EXERCISE. Beginning with the line that holds "発表者が前に立ち、電子黒板やペン機能を使って発表しています。", output every remaining line of the material below exactly, and include none of the pictures.

DATA EXTRACT.
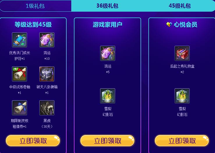 心悦会员可额外领取专属礼包及抽取心悦成长值。各礼包单Q限1次。
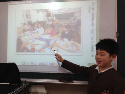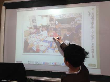 発表者が前に立ち、電子黒板やペン機能を使って発表しています。
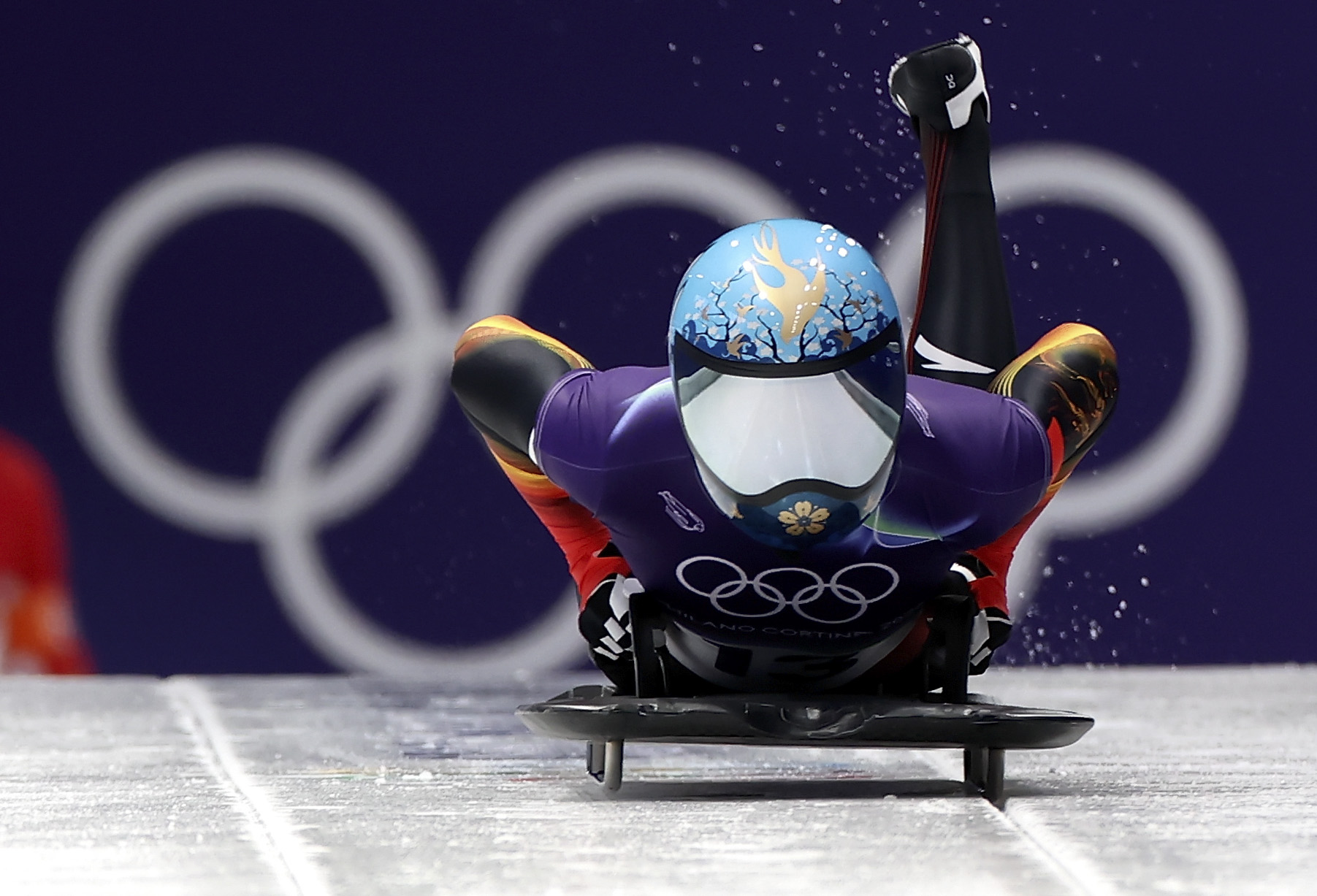 2月13日,中国选手赵丹在钢架雪车女子单人赛第一轮比赛中出发。新华社记者 丁旭 摄

WRITTEN SOLUTION.
 発表者が前に立ち、電子黒板やペン機能を使って発表しています。
 2月13日,中国选手赵丹在钢架雪车女子单人赛第一轮比赛中出发。新华社记者 丁旭 摄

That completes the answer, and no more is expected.